In an interview 10 days earlier with Colombia’s W Radio, Mira Anaya, a spokeswoman for Sintrainvima, an INVIMA workers’ union, argued that without a confirmed director, the agency would struggle to complete the crucial task of working through a years-long backlog comprising tens of thousands of approvals, renewals, and other procedures for medicines, devices and clinical trials. “Clearing all these procedures is not something that can be done from one day to the next,” Anaya commented. “We need an improved technological platform, and that implies decisions and budgeting.”

Colombia’s Health Minister Guillermo Jaramillo, in an interview with Caracol Radio on 17 January, brushed off concerns about INVIMA’s lack of leadership and blamed Colombia’s two previous presidential administrations for its ongoing problems.
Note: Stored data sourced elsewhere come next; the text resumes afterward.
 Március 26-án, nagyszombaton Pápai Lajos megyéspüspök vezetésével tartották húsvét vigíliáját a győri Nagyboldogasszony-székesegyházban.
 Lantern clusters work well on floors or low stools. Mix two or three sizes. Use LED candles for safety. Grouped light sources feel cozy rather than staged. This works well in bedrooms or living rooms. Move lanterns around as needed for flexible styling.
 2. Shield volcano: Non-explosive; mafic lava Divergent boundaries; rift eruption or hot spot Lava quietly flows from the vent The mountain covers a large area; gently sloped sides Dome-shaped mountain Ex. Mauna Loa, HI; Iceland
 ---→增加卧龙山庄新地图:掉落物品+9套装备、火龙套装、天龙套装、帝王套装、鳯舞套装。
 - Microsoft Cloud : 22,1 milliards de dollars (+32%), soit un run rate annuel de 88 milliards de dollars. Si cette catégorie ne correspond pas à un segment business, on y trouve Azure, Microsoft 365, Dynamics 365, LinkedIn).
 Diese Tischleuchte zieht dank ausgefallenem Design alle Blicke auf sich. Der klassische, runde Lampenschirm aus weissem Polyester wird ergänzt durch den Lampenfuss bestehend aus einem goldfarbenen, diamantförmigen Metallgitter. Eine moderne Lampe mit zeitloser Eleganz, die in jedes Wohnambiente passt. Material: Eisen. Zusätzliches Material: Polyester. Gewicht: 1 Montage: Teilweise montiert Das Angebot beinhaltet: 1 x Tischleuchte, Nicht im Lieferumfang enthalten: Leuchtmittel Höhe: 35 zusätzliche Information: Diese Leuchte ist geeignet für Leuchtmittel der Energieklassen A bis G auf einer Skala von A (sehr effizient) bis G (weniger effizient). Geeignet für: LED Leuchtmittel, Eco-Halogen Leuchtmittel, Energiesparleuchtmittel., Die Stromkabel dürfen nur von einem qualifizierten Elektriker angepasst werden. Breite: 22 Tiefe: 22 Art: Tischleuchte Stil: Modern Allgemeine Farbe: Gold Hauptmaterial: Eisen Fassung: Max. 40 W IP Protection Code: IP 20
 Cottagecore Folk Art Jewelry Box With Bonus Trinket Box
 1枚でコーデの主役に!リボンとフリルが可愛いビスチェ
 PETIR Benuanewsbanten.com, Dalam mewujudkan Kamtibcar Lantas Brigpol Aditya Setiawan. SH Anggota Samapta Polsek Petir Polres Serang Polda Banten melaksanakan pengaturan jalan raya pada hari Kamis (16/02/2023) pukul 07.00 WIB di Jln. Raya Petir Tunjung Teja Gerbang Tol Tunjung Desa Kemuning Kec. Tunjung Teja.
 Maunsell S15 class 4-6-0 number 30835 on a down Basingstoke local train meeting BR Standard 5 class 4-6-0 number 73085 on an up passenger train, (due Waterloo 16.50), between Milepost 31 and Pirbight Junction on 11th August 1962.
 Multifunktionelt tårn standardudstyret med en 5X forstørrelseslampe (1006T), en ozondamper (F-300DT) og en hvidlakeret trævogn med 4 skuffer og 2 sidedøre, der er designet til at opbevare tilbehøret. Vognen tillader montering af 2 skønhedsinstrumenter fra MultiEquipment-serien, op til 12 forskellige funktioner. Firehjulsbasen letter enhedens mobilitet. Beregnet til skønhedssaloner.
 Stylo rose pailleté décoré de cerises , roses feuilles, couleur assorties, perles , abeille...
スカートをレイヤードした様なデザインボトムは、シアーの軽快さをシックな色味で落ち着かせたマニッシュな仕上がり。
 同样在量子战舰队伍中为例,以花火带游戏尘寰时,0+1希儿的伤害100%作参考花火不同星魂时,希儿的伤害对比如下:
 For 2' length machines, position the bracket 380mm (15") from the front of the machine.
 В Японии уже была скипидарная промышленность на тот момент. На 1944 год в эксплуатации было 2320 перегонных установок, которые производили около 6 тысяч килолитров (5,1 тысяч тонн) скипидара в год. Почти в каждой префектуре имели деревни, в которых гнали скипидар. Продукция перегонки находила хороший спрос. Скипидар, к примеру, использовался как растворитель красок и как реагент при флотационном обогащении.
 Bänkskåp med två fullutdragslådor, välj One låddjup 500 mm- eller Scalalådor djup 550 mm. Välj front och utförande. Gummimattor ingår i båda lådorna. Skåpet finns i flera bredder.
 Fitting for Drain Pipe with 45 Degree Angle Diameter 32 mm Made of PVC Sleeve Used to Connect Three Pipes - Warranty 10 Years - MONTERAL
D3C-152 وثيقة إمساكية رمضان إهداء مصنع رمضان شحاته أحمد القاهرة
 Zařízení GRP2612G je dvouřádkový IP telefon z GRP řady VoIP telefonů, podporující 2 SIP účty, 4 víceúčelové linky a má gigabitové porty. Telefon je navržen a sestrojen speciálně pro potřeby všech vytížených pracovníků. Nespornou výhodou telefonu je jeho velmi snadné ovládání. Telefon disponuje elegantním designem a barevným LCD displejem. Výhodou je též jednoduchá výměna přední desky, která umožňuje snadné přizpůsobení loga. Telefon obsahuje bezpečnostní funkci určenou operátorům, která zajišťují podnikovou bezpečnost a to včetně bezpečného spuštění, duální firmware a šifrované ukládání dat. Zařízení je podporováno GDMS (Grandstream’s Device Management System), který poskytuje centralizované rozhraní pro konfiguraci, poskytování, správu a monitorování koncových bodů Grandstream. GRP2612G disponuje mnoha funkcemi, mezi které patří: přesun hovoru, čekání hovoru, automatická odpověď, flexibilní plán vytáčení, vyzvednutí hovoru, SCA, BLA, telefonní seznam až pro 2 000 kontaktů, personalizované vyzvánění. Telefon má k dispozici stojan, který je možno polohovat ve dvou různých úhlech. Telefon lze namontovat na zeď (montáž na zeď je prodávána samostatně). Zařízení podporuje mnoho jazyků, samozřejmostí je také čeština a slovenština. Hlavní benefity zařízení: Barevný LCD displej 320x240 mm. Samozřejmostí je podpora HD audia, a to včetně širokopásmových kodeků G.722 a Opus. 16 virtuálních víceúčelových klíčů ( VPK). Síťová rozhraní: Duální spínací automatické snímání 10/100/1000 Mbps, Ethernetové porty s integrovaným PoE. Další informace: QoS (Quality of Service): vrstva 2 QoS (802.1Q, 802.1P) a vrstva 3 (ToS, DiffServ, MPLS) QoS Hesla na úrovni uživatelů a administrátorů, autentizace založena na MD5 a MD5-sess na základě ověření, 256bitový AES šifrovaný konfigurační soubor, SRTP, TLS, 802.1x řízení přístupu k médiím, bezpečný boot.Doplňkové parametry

He also claimed that the agency has remained functional under its acting directors – some of whom have lasted as little as two months – and that a major overhaul was already underway.

According to a report in Semana, INVIMA Acting Director Adriana Pereira, in place since late December, demanded the written resignations of top agency personnel as of 4 January, in an act that could complicate the job of a future permanent director at the agency.

The implications of INVIMA’s problems once again became clear on 17 January, when the agency, which is charged with monitoring to prevent shortages of essential medications, disclosed inadequate supplies of two drugs used to treat pediatric HIV patients and unavailability of a third, nevirapine. The El Espectador editorial characterized the shortages as “a scandal,” and further evidence of a crisis at INVIMA.

Ministry of Health shortage notice (Spanish)

Mexico COFEPRIS’s expects digital platform will speed trial registrations by 75%

On 18 January, Mexico’s Federal Commission for the Protection against Health Risks (COFEPRIS) announced that its digital platform for clinical trials and studies, Digipris, is no longer requiring in-person meetings or physical paperwork, and that a 75% reduction in usual wait times can be expected with the program. The digital program, the agency said in a news release, “is strategic for attracting investments in research and the medical industry,” and “changes the historical dynamic between the user and the regulatory institution.”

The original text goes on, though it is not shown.